Well, if you reconnect I would expect that the client would check if the
cached data has changed on the server during the disconnection. So it
would use validatevols to check on a volume granularity and if we
suspect we missed any changes we would see validateattr calls logged in

> I also am having problems with hoard authentication. The man page says
> the hoard user must be either
>   - root
>   - the console user
>   - the "primary" user from /etc/venus.conf
> but I have a hard time making this work. I'm logged into my computer, with
> X running on the console (vt7, which is standard). But hoard loses:

Right, root is no longer as useful, there used to be a lot of special case
code, root wasn't allowed to have tokens and in some cases we used the
effective uid and in others the real uid. But on Linux we always used
fsuid which mostly tracks euid except for nfsd or samba. With all the
subtle changes the original setuid root hoard binary solution probably

The console user was used on Mach and early BSD systems, which didn't
have virtual consoles. So again Linux did things differently and simply
assumed that whoever is logged into tty1 is considered the console user.
This makes hoard work for people who log in on tty1 and then run startx.

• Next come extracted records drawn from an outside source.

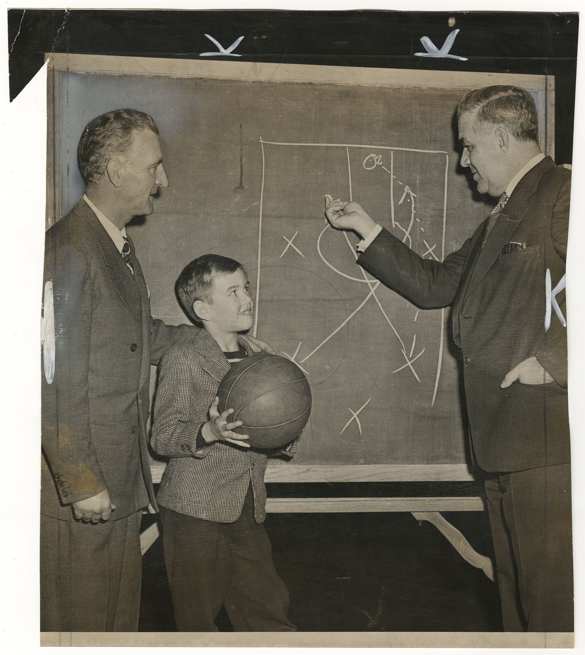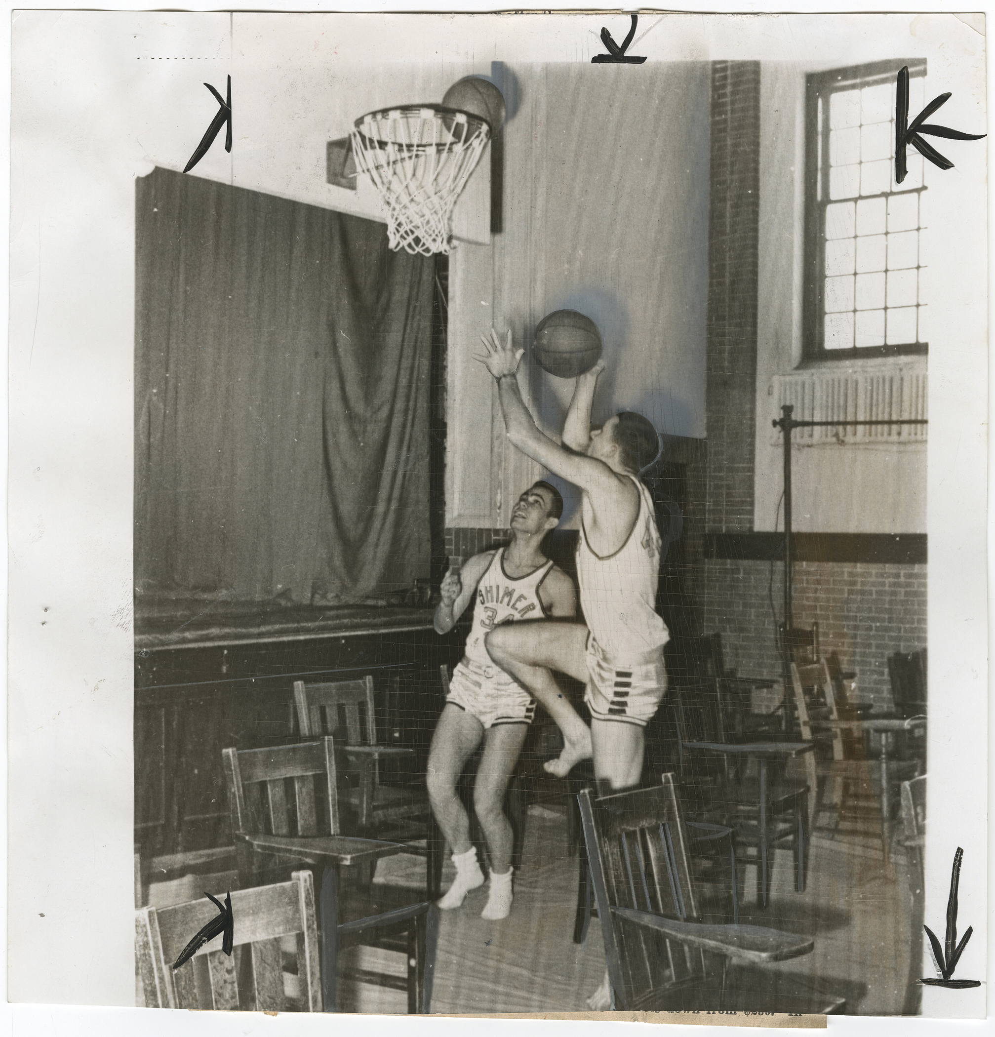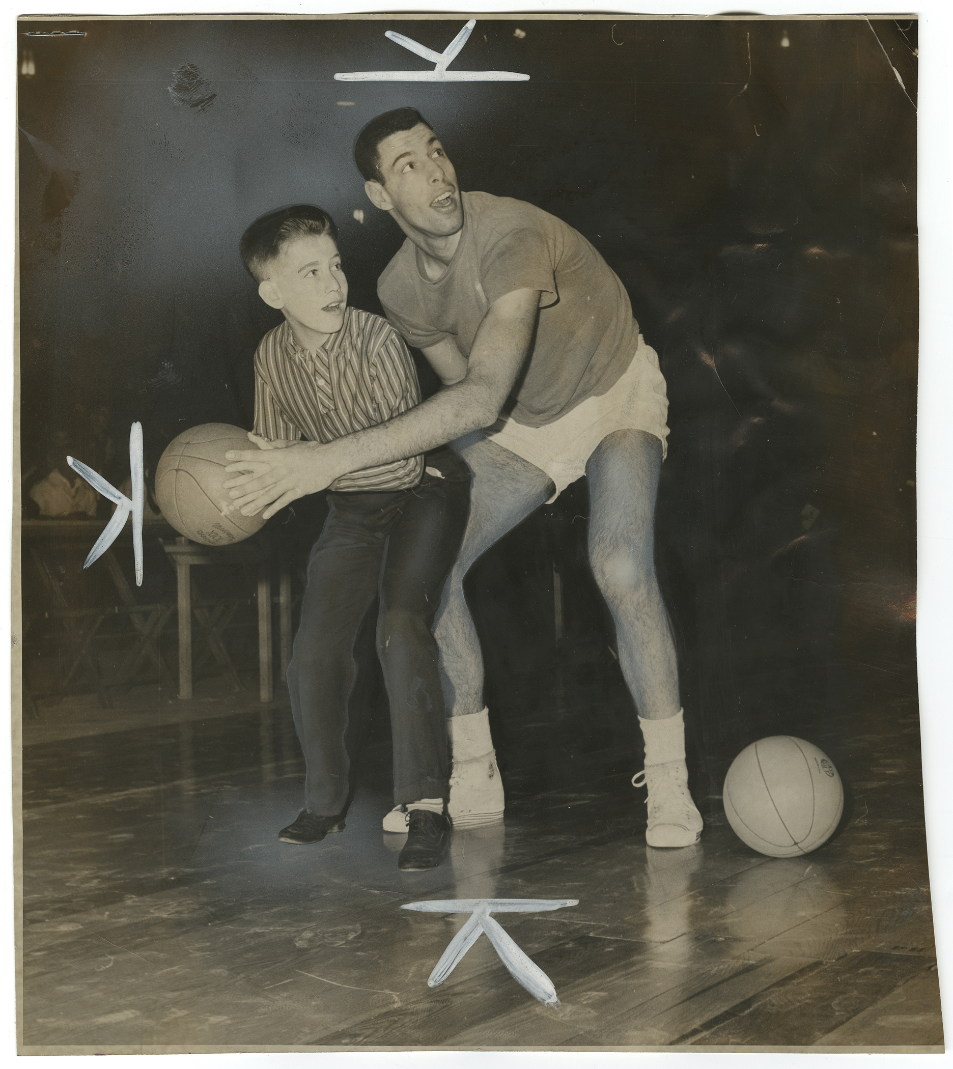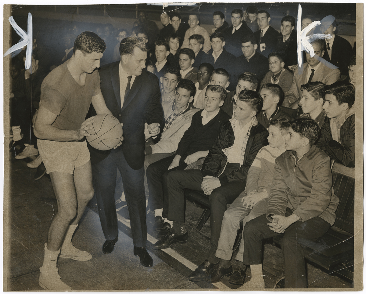 September 18, 2012, Filed Under: Exhibitions + EventsDisplay highlights basketball photos in "Basketball: Power in Play" Basketball, which began as a game invented to occupy young, energetic boys within the confines of a gymnasium on rainy days, has come to be one of the most popular sports in American culture. Basketball: Power in Play, a display of sports photographs from the Harry Ransom Center’s New York Journal-American collection, captures some of the key components of the game from the 1940s through the 1960s. From September 18 through December 9, 2012, visitors will be able to view images depicting various perspectives on the game such as training and technique, women in basketball, wheelchair basketball, the Harlem Globetrotters, and images of incredible shots and blunders. The 32 black-and-white photographs in the exhibition come from the New York Journal-American, which was published from 1937 to 1968. Soon after the newspaper’s demise, the Ransom Center gained ownership of the paper’s approximately two million prints and one million negatives. Many of the photographs in the display show original crop and edit marks used in the course of publication. Geared toward sports enthusiasts, the rich history and engaging narratives embodied in the photo captions will be sure to entertain and amuse. The display is one of several exhibitions and events across The University of Texas at Austin campus this fall capturing the spirit and history of basketball from its beginnings in a Massachusetts YMCA to the modern NBA. Courtesy of Suzanne Deal Booth and David G. Booth, the University’s Blanton Museum of Art will be presenting James Naismith’s “Original Rules of Basket Ball,” the 1891 document that outlines the 13 original rules of the game. The rules will be exhibited alongside the works of contemporary artist Paul Pfeiffer in The Rules of Basketball: Works by Paul Pfeiffer and James Naismith’s Original Rules of Basket Ball, running through January 13, 2013. The H. J. Lutcher Stark Center for Physical Culture and Sports will host a symposium during the fall 2012 semester about the history and cultural significance of basketball. Former undergraduate intern Rachel Platis selected the content for the Ransom Center’s display. The materials are on view in the Ransom Center’s lobby during exhibition gallery hours and in the third-floor Director’s Gallery, Monday through Friday, from 10 a.m. to 5 p.m. Please click the thumbnails below to view full-size images. “Clipping a Hawk on the Wing” (St. Louis Hawks vs. New York Knicks). “New York Journal-American,” February 25, 1961. Obstacle Course (Shimer College basketball team practice). Unidentified photographer, “New York Journal-American,” January 26, 1964. “Winning Combination” (high-school basketball champions dinner). Sheldon Gottesman for the “New York Journal-American,” April 6, 1960. Clair Bree (left) and Howard Cann diagram play for a basketball clinic. “New York Journal-American,” December 12, 1948. Violet Rays conduct first “New York Journal-American” basketball clinic for youth. Frank Jurkoski for the “New York Journal-American,” November 24, 1963. “Look at the Basket” (New York University’s Violet Rays at basketball clinic). “New York Journal-American,” April 2, 1962. Long Island University students protesting ban on sports following basketball scandal. Ed Pickwood for “New York Journal-American,” ca. 1951. “On a Tour of Europe” (Harlem Globetrotters and Pope John XXII). Unidentified photographer, “New York Journal-American,” August 9, 1961.
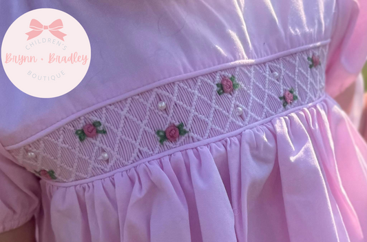 RTS: Girl’s Geo Smocked Pearls + Roses Dress
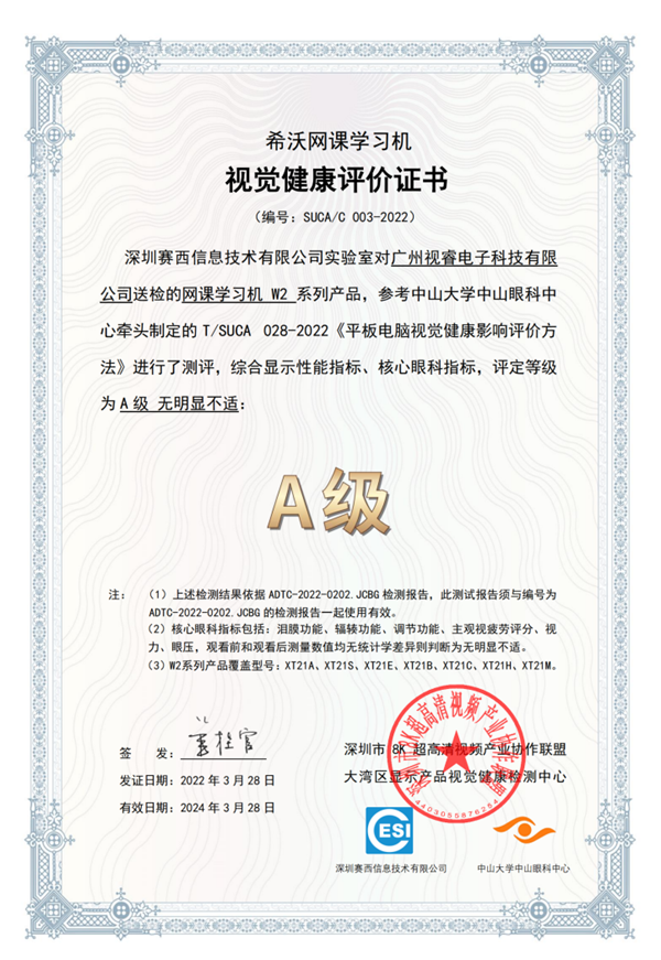 4月13日上市的希沃網(wǎng)課學習機W2,依據(jù)中山大學中山眼科中心牽頭制定的T/SUCA 028-2022《平板電腦視覺健康影響評價方法》,經(jīng)過深圳賽西信息技術有限公司實驗室測評,獲得視覺健康影響A級評定,標志希沃網(wǎng)課學習機W2在觀看舒適度上達到了“高標準”的視覺體驗。
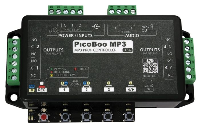 The PicoBoo MP3 has two trigger inputs. The second input can be used to trigger an alternate scene, or as a stop or reset button. Both inputs can be set to single-shot mode, which prevents looping if the trigger is kept on. This is handy if a beam sensor goes out of alignment. They can also be set to a Run Once mode. This makes sure they can only run their scene once until the other input is triggered. This is really handy for Escape Rooms that want the scene to run only once until a reset button is pressed.
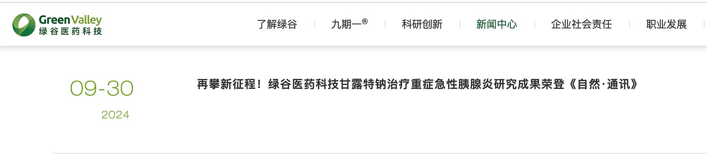 As it happens, Green Valley Technology now also advertises “Research Findings on Sodium Oligomannate (GV-971) for Treating Severe Acute Pancreatitis Published in Nature Communications,” as if the scientific journal proves the drug now treats another disease.
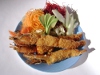 Pollo o lomo de cerdo capeado acompañado de verduras en salsa agridulce |
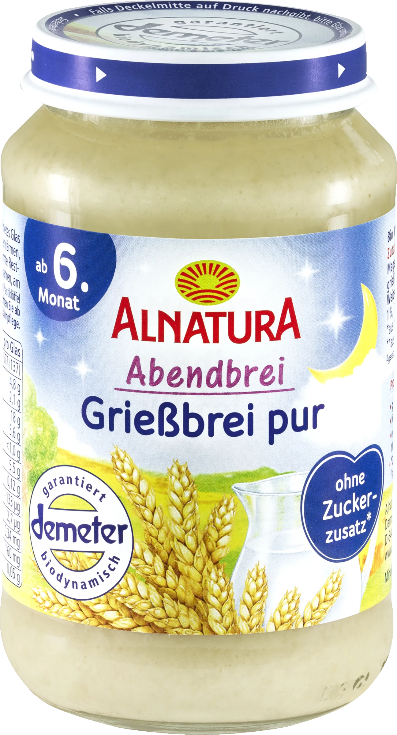 ENTRAHMTE MILCH* 53%, Wasser, WEIZENGRIEß* 5%, SAHNE* 5%, WEIZENVOLLKORNMEHL* 2%, WEIZENVOLLKORNFLOCKEN* grob gemahlen 1 %, Sonnenblumenöl** 1%, Thiamin (Vitamin B1)², Vitamin A², Vitamin D²
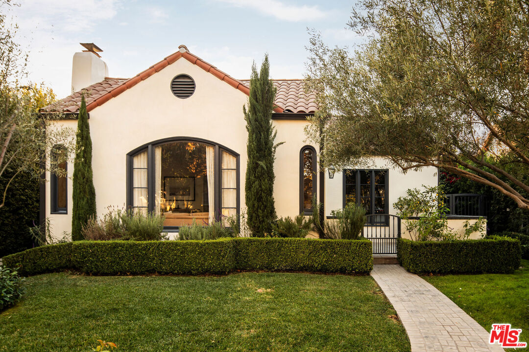 Welcome home to this charming and spacious renovated Spanish, located on one of the best streets of historic Hancock Park HPOZ. Tucked back on picturesque, tree-lined McCadden Place, this updated oasis effortlessly blends classic, timeless elegance with modern comfort. Wind your way up the walkway enclosed by boxwoods and white roses, and continue up the path to a serene front yard with olive trees and lavender. Open the character rich front door and be greeted by a home filled with warmth and care. An excellent floor plan with light filled spaces, hardwood floors, arched entryways, and open concept entertaining areas. Cozy up in your formal living room and lounge away the days next to your handsome fireplace. Tasteful formal dining room with airy french doors, walls dotted with unique plaster moldings and rounded ceilings, reminiscent of a by-gone era. The kitchen is a chef's dream with white marble countertops, built-in stainless steel appliances including Wolf range and oven and Sub Zero fridge, farm sink, and built-in double pet bowls. Nestle into your morning routine in your breakfast nook and expansive entertaining area that opens out to the back yard via double doors with built-in magnetized screens. Entertaining area complete with Frame TV, Sonos system and custom built-in shelving perfect for any bibliophile or creative. An ideal floor plan of three bedrooms provides private separated spaces and plenty of ample closets. The Primary bedroom boasts its own en-suite bath with dual sinks and an enclosed glass shower with separate tub. Additional large walk-in double closets with custom built-in shelving and built-in cabinets for ample storage are just across the way. French doors open out to a lush, manicured backyard and high hedges where you are instantly transported to a hideaway in the city; an enchanted world of privacy, perfect for those beautiful LA nights, al-fresco dining, entertaining loved ones, or lounging poolside. You can also soak in your own spa and swim in your own hearted pool, ideal for enjoying year round wonderful California days. The home boasts a delightful one bedroom, one bath ADU - complete with wine fridge, sink and mini-split system providing additional space for visitors or added value. Other amenities include tankless water heater, Nest System, Sonos speakers, side-by-side washer/dryer. Gated and hedged for privacy this secluded compound is situated amongst the best Hancock Park has to offer: Wilshire Country Club, LA Tennis Club. Enjoy acclaimed wood-burning-oven pizzas at Mozza, trendy Stir Crazy, Domain LA, new Levain Bakery, Go Get 'Em Tiger, Starbucks, Salt and Straw, Village Pizzeria, Peet's Coffee, Great White, Kreation. Savor the freshest produce and artisanal goods at the Larchmont Farmers Market on Wednesday & Sundays. Located in the desirable Third Street School District. Offering not only the quintessential comforts, detailed elegance and rich in character, but also the convenience of a thriving neighborhood, this is the perfect place to call home.
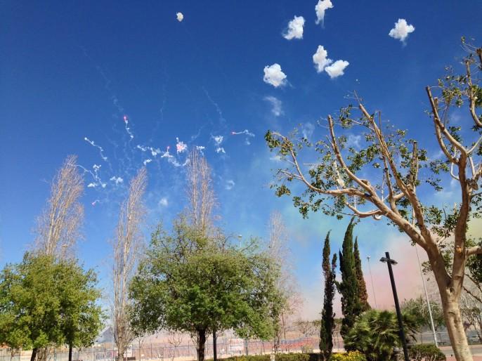 ¡Y claro que faltaba!. La mitad de la potencia y de los efectos que se habían diseñado inicialmente para disparar en Castellón. Las fuertes rachas de viento que dominaban sobre Castellón, y la dirección del viento, llevaron a Protección Civil a recomendar medidas de seguridad, que fueron comentadas con el Ayuntamiento y la Junta de Fiestas.

But that doesn't work when the system uses xdm/gdm, so the final
addition was a 'primaryuser' option in the venus configuration. I use
the primaryuser setting myself.

> Then I su and try again:
>     # hoard add /coda/ 
>     canonicalize: chdir(shivers) failed (Permission denied)
> Then I note that I have no tokens while su'd as root, so I clog and try again:
>     # ctokens
>     Tokens held by the Cache Manager for root:
> 	    Not Authenticated
>     # clog
>     username:
>     Password: 
>     # hoard add /coda/ 
>     pioctl:Add(, ./user/shivers/text/3min.txt, 10, 0, 0): Permission denied

Now this is interesting, I think your client probably did end up with
a hoard profile owned by root. So during the next hoard walk it pulled
everything into the cache, but the cached access rights were for local
uid '0'.

Combined with occasional disconnections I can imagine that the initial
connected tree walk may have skipped over some areas especially because
it had to refetch at least the attributes for all objects to get access
rights for your local user id.

I would set the primary user value in /etc/coda/venus.conf to your local
uid, then run 'hoard clear' to get rid of the existing hoard profile and
redo the hoard add as your user. During the add it will try to walk the
tree which may get interrupted due to a disconnection and you would get
a permission denied type error.

That doesn't mean that the add didn't work, we just haven't completely
expanded the profile to the full tree. 'hoard list' should show the
entry. Forcing a server check (cfs cs) followed by a hoard walk will
continue the expansion.

If the hoard walk gets interrupted by yet another disconnection it will
exit with a list of objects we failed to get. Again checkservers and
hoard walk will let it continue where the previous walk failed.

Received on 2007-05-02 19:21:30